In this work a prediction numerical method specially fitted for working on existing halls will be presented together with the results obtained in four cases related to different kinds of restoration:

The results show that this method can produce useful informations in a reasonably little time, provided that measurements are carried out with the most advanced digital techniques and that a fast computation model is used: in this case the MLSSA measuring system and pyramid tracing or cone tracing programs were used.

For each hall, the study has been carried out by the following steps:

The results of these comparisons and the influence of the right configuration of some parameters in impulse response prediction by pyramid and/or cone tracing are here explained.


II. Measurement technique


The measuring system has been used basically to obtain the binaural impulse responses in each listening point. For this, an omnidirectional loudspeaker was used, being fed with the Maximum Length Signal produced by a MLSSA board, installed in a portable PC. The signal period was 65535 samples, and the sampling rate varied between 22.05 kHz and 44.1 kHz. The acoustic signal was sampled through a dummy head (Sennheiser MKE2002set), connected with the MLSSA board through a wireless system (NADY VF-701). The measure was repeated for each ear, thus enabling the computation of the Inter Aural Cross Correlation (IACC) through a dedicated post-processing program, in addition to the wide range of other acoustical parameters computed by the MLSSA software. Fig. 1 shows a scheme of the measuring system.

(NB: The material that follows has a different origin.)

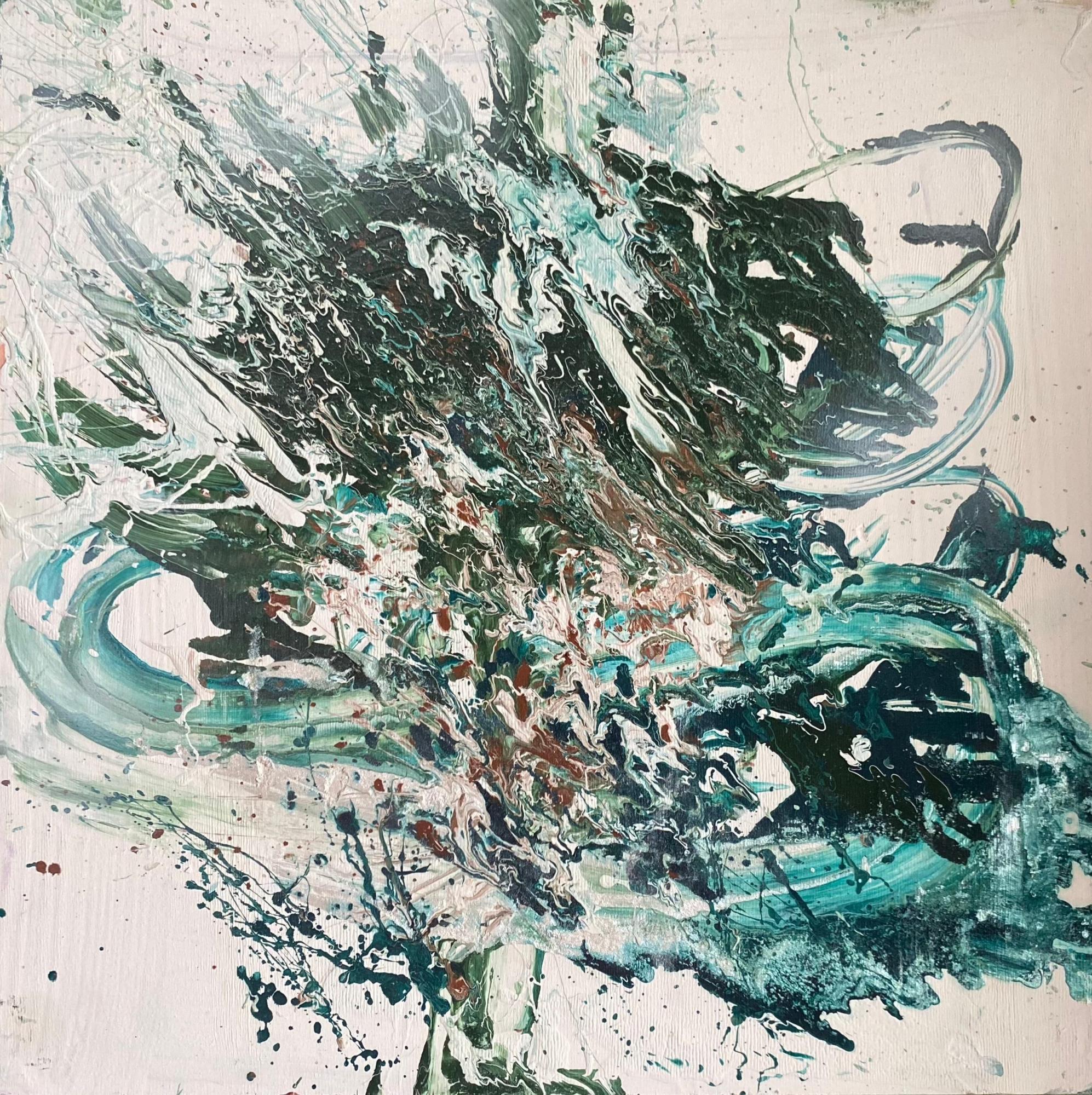 Работа перекликается с традициями абстрактного экспрессионизма (Jackson Pollock, Willem de Kooning), где главное — не изображение объектов, а выражение эмоций, состояния души через спонтанность, жестикуляцию, работу с материалом. При этом автор находит собственный голос, сочетая экспрессию с определённой структурностью композиции.

Fig 1 - The measuring system



In the first case presented, two commercial room acoustics programs have been employed. The first, used for the three cases presented, is a pyramid tracing code [1], suited both for noise evaluation in workplaces, for the simulation of loudspeaker coverage and for concert hall acoustic quality evaluation. The particularity of this program is the fact that it is not hybrid: each pyramid is followed (without split-up) for the whole time length of the impulse response. Then a multiplicative correction is applied to the response of each receiver, enabling the study also of non Sabinian spaces with a little number of pyramids (typically 256). However, till now some problem rises for very regular spaces: considering always specular reflections also for high order reflections, the late part of the tail becomes very uneven as clearly shown by Dalenback [2].

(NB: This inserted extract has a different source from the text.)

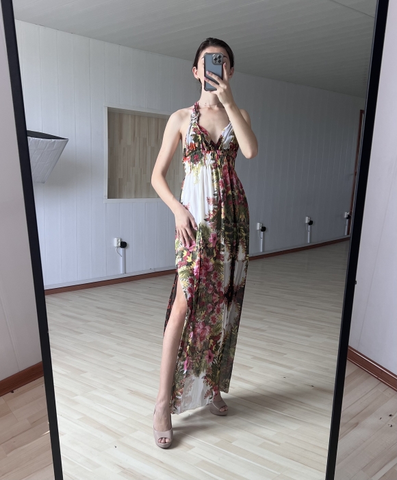 Тканина: шифон, розмір: 50-52, довжина від резинки 118 см, верхня частина сукні регулюється на шиї зав*язкою

The second program, used for comparison in one of the three cases, is an hybrid cone tracing [3], in which initially the cone tracing is used for evaluating deterministically the early reflections (by identifying the corresponding image sources), and then a reverberant tail is appended, computed by an advanced statistics on the history of the rays. It can handle also diffuse reflections, producing smooth late tails, provided that a number of cones high enough is employed.

In the case where both programs were used, it was possible to verify the difference between the results obtainable with the two different approaches, and the sensitivity of the two programs to the variation of the input data (absorption coefficient of the surfaces).

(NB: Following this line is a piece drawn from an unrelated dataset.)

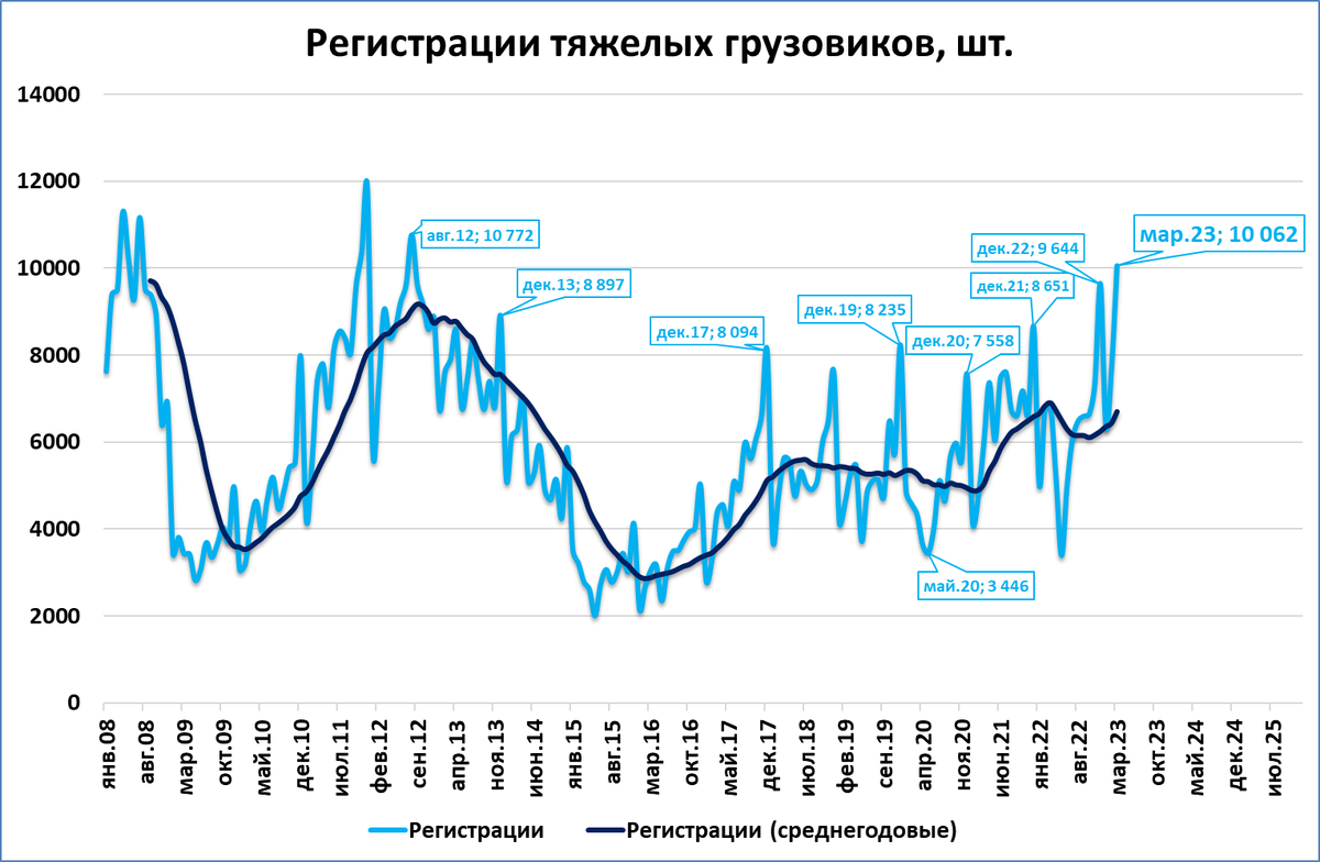 ● В марте на российском рынке было зарегистрировано более 10 тыс. тяжёлых грузовиков (предварительные данные). Для марта это максимальные значения, до этого рекордным был март 2008 года (9,5 тыс.).

IV. The "S.Lucia" MAIN HALL in Bologna


The University of Bologna has its main hall located inside an unused building, an ancient dismissed church originally devoted to "Santa Lucia"; it was restored and was opened to the public in 1988. The aesthetic appearance of the hall is impressive: the architectural complex comprises three naves, a semicircular apse and a high, vaulted roof; the walls and the ceiling are finished with a clear, hard plaster. Lightly upholstered seats occupy the floor of the main nave, surrounded by a wooden balcony. Fig. 2 shows a perspective view of the room, with the proposed acoustic treatment.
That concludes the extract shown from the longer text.